Hi,
I am quite new to bioinformatics. I have a gtf file and also bed file which includes the trascript_name Start End position. For every transcript's start end position, I would like to extract all the exons present between the start and end coordiantes of transcript. For an examples. imagine a gtf file like following
Scaffold1 cuff transcript 344 540 100 + geneid "cuff_45"
Scaffold1 cuff exon 344 400 100 + geneid "cuff_45"
Scaffold1 cuff exon 484 540 100 + geneid "cuff_45"
Scaffold1 cuff transcript 800 1200 100 + geneid "cuff_46"
Scaffold1 cuff exon 800 928 100 + geneid "cuff_46"
Scaffold1 cuff exon 980 1100 100 + geneid "cuff_46"
Scaffold1 cuff exon 1100 1200 100 + geneid "cuff_46"
Scaffold2 cuff transcript 1 500 1000 - gene_id "cuff_47"
Scaffold2 cuff exon 1 500 1000 - gene_id "cuff_47"
and a bed file like following
Scaffold1 344 540
Then I would like extract entries of Scaffold1 and its exons from gtf file like following
Scaffold1 cuff transcript 344 540 100 + geneid "cuff_45"
Scaffold1 cuff exon 344 400 100 + geneid "cuff_45"
Scaffold1 cuff exon 484 540 100 + geneid "cuff_45"
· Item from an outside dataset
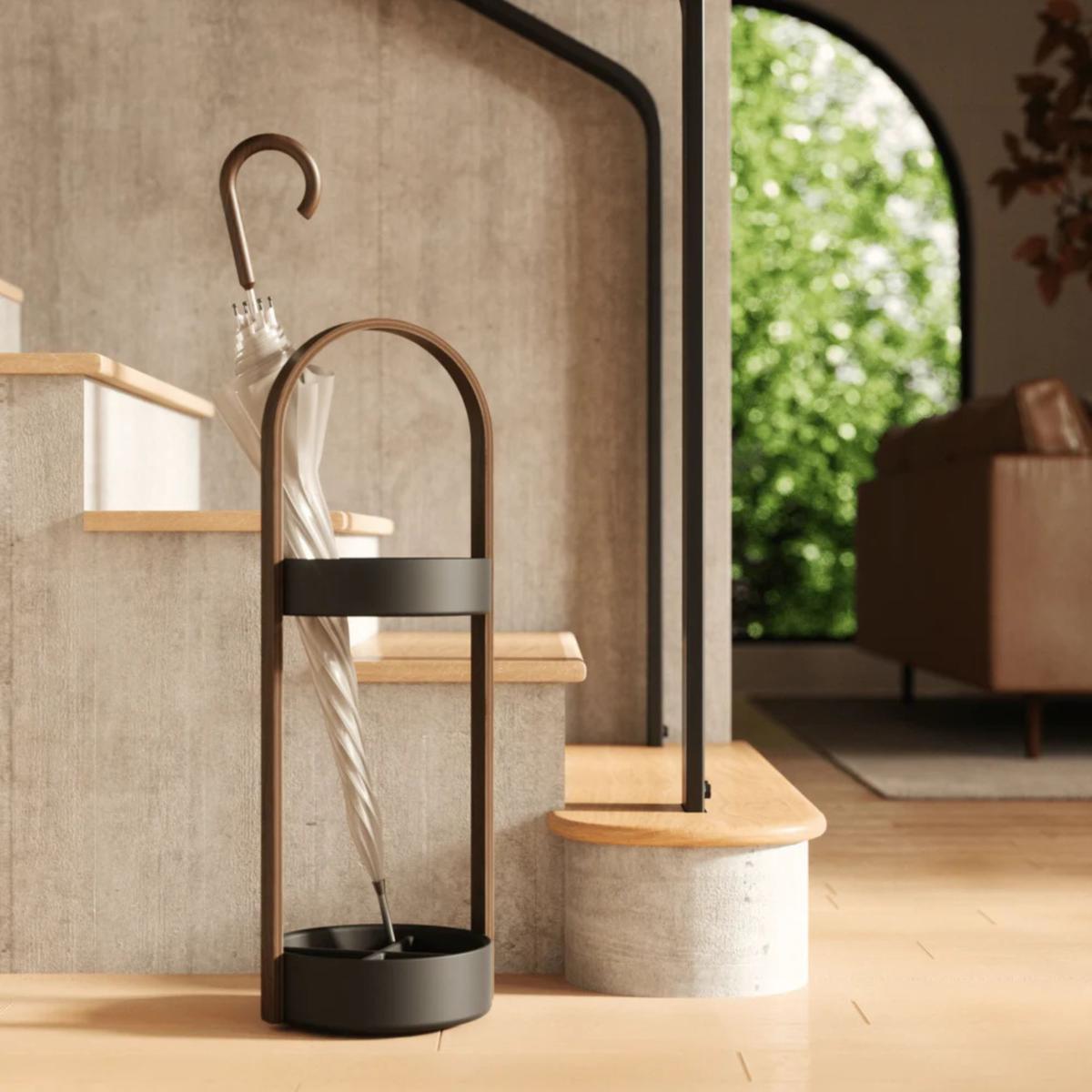 Porte Parapluie en Bois - Noir et Noyer - Umbra

Can someone suggest any tool to achieve my goal.
Thanks in advance.
Use unix utility:
grep "Scaffold1" your.gtf > scaf1.gtf
Do you also want a BED file from
your.gtf
or you already have that?Thanks for your reply. I already tried with unix but it also incldes all the entries have Scaffold1 but I need to extract entries between the transcript start and end. I have updated the gtf file in my question. Kindly take a look and guide me
There are 7 lines that have
Scaffold1
in your example.grep
above would get all 7. So instead of all 7, you just want the lines that match the interval in your BED file?Exactly. I just need need to extartc all the exons confined within the transcript start and end like mentioned in the above.